Wodurch wird ein Mensch zum Amokläufer ...

Zum Einstieg möchte ich zunächst darlegen, welche biographischen Merkmale Amokläufer aufweisen. Im Vergleich zu ‹normalen Gewalttätern› verfügen sie erheblich häufiger über eine gehobene Ausbildung. Zur Zeit der Tat war allerdings fast jeder zweite arbeitslos. Meist sind sie isolierte Einzelgänger, vertrauen sich kaum anderen Menschen an, sind im Kern Ich-schwach und unsicher. Niederlagen und Kränkungen können sie deshalb nur schwer verkraften. Im Alltag erleben sie sich als ohnmächtig, die Tat dagegen vermittelt ihnen für Augenblicke den Triumph höchster Macht – die Herrschaft über Leben und Tod. Im Hinblick auf die familiäre Sozialisation der Amokläufer sind die zur Verfügung stehenden Angaben oft lückenhaft. Angesichts ihres mit der Tat meist verbundenen eigenen Todes sieht die Justiz keinen Anlass mehr, Ermittlungen zur Persönlichkeit des Täters anzustellen. Eines wird aber doch deutlich: Auch im Hinblick auf die Amokläufer bestätigt sich, was in Studien zur Jugendgewalt generell nachgewiesen werden konnte: Je stärker die Sozialisation junger Menschen von einem Mangel an Liebe und konstanter Zuwendung sowie von innerfamiliärer Gewalt geprägt ist, um so höher ist die Wahrscheinlichkeit, dass die Betroffenen später selber Gewalt ausüben.

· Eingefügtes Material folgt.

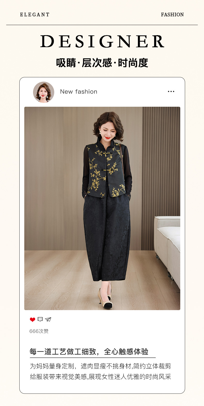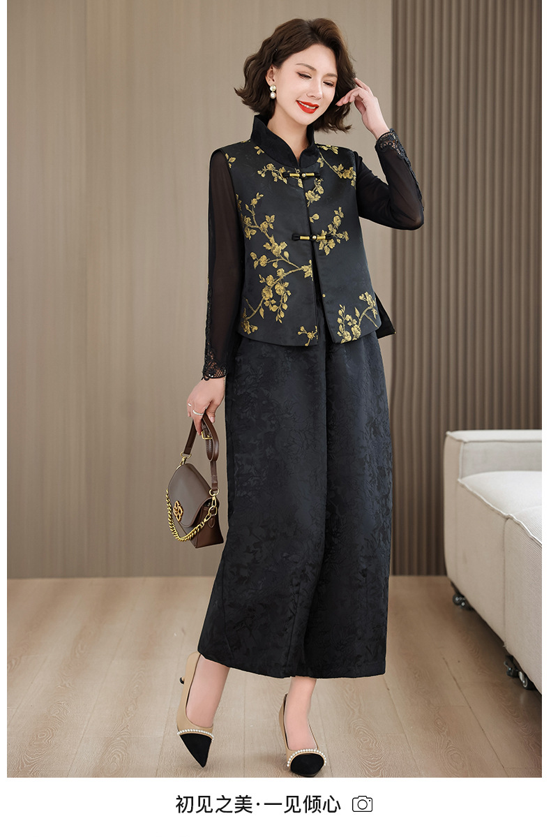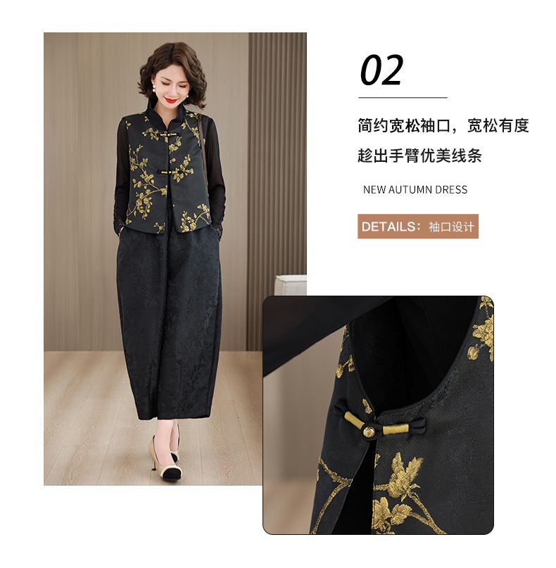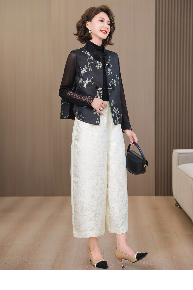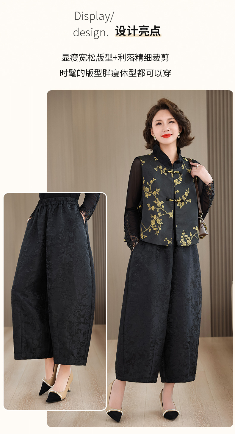 KQL422H81332025秋季新款休闲百搭花苞阔腿裤女时尚洋气马甲两件套

Die eigene Schwäche kompensieren die Amokläufer sehr oft dadurch, dass sie sich Schusswaffen zulegen, die ihnen das Gefühl von Macht geben und zu denen sie eine geradezu erotische Beziehung entwickeln. ‹Das Gewehr ist die Braut des Amokläufers›, kann man in Abwandlung eines veralteten Militärspruches formulieren. Auf eine Besonderheit der Amokläufer hat ferner Hans-Joachim Neubauer aufmerksam gemacht. Sie inszenieren die Tat wie ein Schauspiel, in dem sie gleichzeitig der Regisseur und der grosse Held sind. Bewusst wird als Tatort der öffentliche Raum gewählt. Man braucht Publikum. Der Akteur selber kostümiert sich. Oft wählt er das kriegerische Outfit des Rambo-Kämpfers oder das Image des schwarz gekleideten, maskierten Rächers. Anscheinend legen sie es darauf an, mit ihrer Tat berühmt zu werden – einmal im Mittelpunkt des Medieninteresses zu stehen. Die Vorstellung davon entschädigt sie offenbar für das Loser-Image, unter dem sie im Alltag leiden.